• Activity: Starting at the first line of the entries, extract each line up to and including the one that contains "13 Pro Max由于適配問題,在安兔兔中僅拿到了798424分,遠低于其真實水平,沒有太多參考價值。", but leave out the pictures.

**** The data

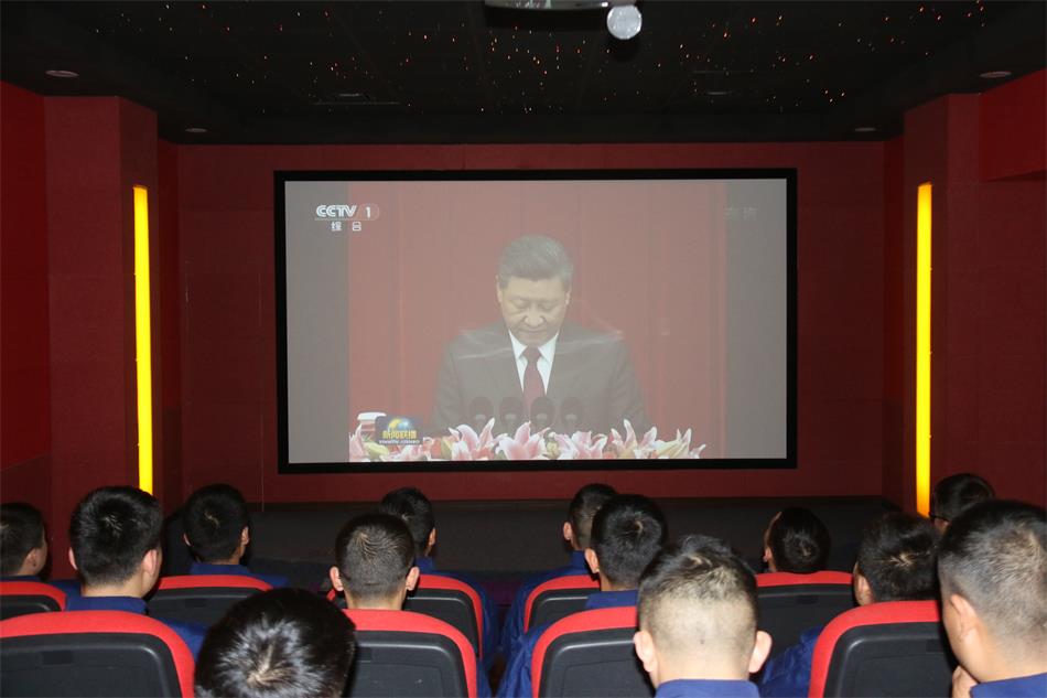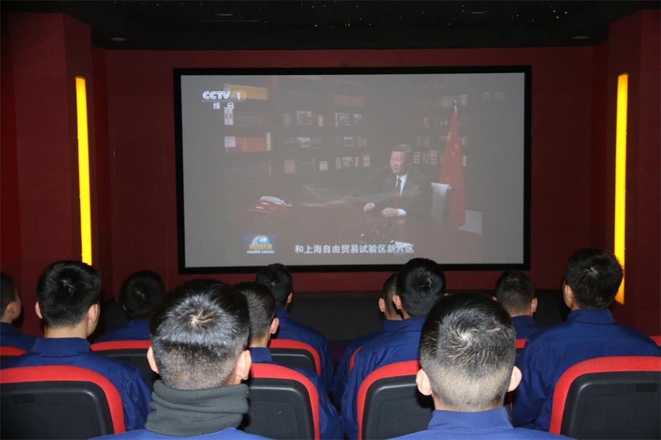 2019年12月31日晚,七里墩消防救援站全体指战员早早等候在红门影院收看习近平主席新年贺词现场直播。19:00直播准时开始,大家全神贯注,认真倾听,现场不时爆发出阵阵掌声。结束后,大家围坐在一起,认真讨论,贺词在指战员中引起强烈反响。有的指战员觉得听得还不过瘾,专门用手机反复聆听,细细品味。
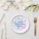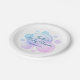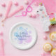 Individuell gestaltete Babydusche-Teller mit Seifenblasen. Elegante Vorlage mit Namen des untergeordneten Elements und Datum. Skripttypografie. Geeignet für Neugeborene oder Mädchen. Personalisieren Sie mit Ihrem eigenen Text. Niedliches Party für Feiern mit Freunden und Familie.
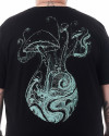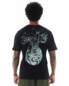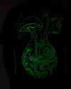 Uma arte surrealista, meticulosamente criada pelo talentoso artista FAO, ganha vida sob a luz. Utilizando uma tinta especial que brilha no escuro, essa estampa cria um efeito surpreendente, transformando esta camiseta em uma verdadeira peça de conversação.
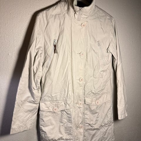 Ny DANWEAR offwhite ytterjakke med fine detaljer. God og varm, med flere lommer, glidelås og knapper, også kort belte fra hver side som kan strammes .
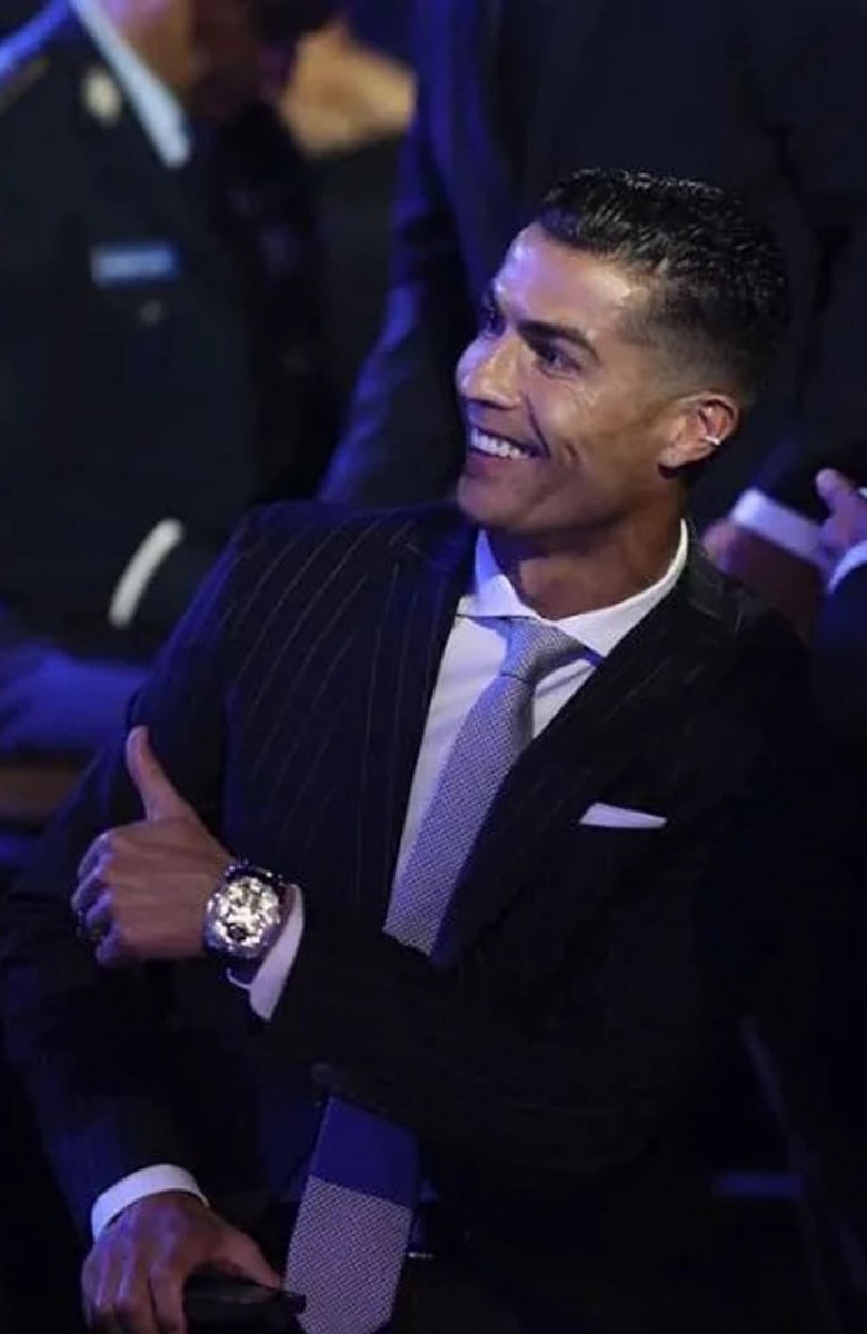 ▲C罗在颁奖典礼现场手上佩戴一款满天星钻表,搭配他一身优雅西装,看起来相当高贵。Source:intelregion
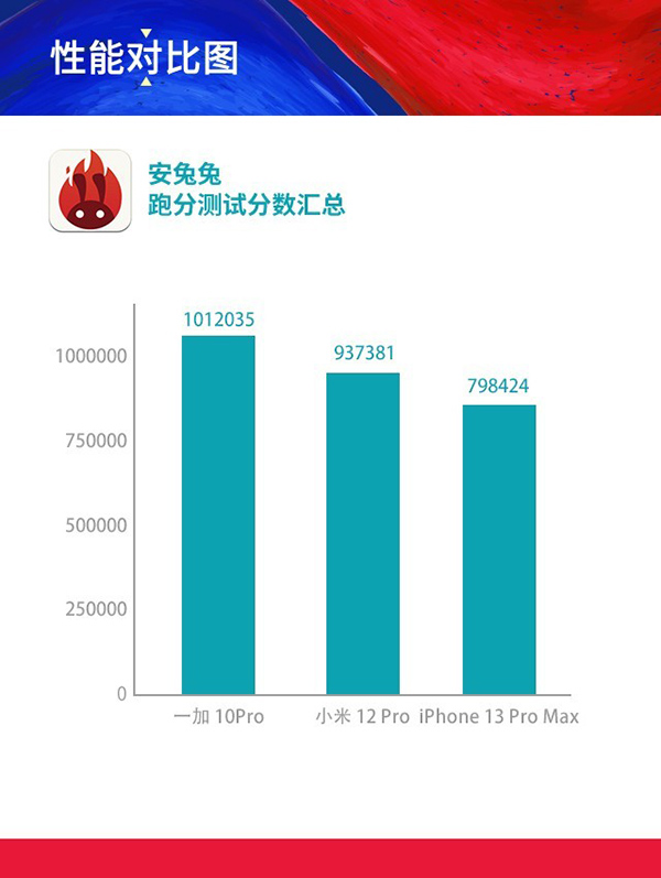 為了能更加直觀的讓大家了解到這三款手機的性能,我們采用安兔兔跑分軟件對其進行性能測試。通過測試我們不難看出,一加10 Pro在跑分上是有一定優(yōu)勢的,憑借1012035分領(lǐng)先于其他兩款機型,可以看得出來一加在性能儲備上還是非常充裕的。iPhone 13 Pro Max由于適配問題,在安兔兔中僅拿到了798424分,遠低于其真實水平,沒有太多參考價值。
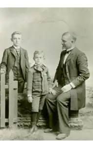 Jones married his first wife, Alma B Curtis, and had three children; sons Percy Curtis Jones (born 1878) and Paul Hugh Jones (born 1884), and a daughter, Eva Bell Jones (born 1879).[3][20] His daughter died in December 1881, at the age of 2, and Alma died Christmas Eve in 1885. Jones remarried Helen Beach, daughter of a prominent Toledo family, in 1892, and relocated to her hometown from Lima, Ohio shortly thereafter.[21] The couple had one child together, Mason Beach Jones (born 1897).[22][23]

********

• Output for this task:
 2019年12月31日晚,七里墩消防救援站全体指战员早早等候在红门影院收看习近平主席新年贺词现场直播。19:00直播准时开始,大家全神贯注,认真倾听,现场不时爆发出阵阵掌声。结束后,大家围坐在一起,认真讨论,贺词在指战员中引起强烈反响。有的指战员觉得听得还不过瘾,专门用手机反复聆听,细细品味。
 Individuell gestaltete Babydusche-Teller mit Seifenblasen. Elegante Vorlage mit Namen des untergeordneten Elements und Datum. Skripttypografie. Geeignet für Neugeborene oder Mädchen. Personalisieren Sie mit Ihrem eigenen Text. Niedliches Party für Feiern mit Freunden und Familie.
 Uma arte surrealista, meticulosamente criada pelo talentoso artista FAO, ganha vida sob a luz. Utilizando uma tinta especial que brilha no escuro, essa estampa cria um efeito surpreendente, transformando esta camiseta em uma verdadeira peça de conversação.
 Ny DANWEAR offwhite ytterjakke med fine detaljer. God og varm, med flere lommer, glidelås og knapper, også kort belte fra hver side som kan strammes .
 ▲C罗在颁奖典礼现场手上佩戴一款满天星钻表,搭配他一身优雅西装,看起来相当高贵。Source:intelregion
 為了能更加直觀的讓大家了解到這三款手機的性能,我們采用安兔兔跑分軟件對其進行性能測試。通過測試我們不難看出,一加10 Pro在跑分上是有一定優(yōu)勢的,憑借1012035分領(lǐng)先于其他兩款機型,可以看得出來一加在性能儲備上還是非常充裕的。iPhone 13 Pro Max由于適配問題,在安兔兔中僅拿到了798424分,遠低于其真實水平,沒有太多參考價值。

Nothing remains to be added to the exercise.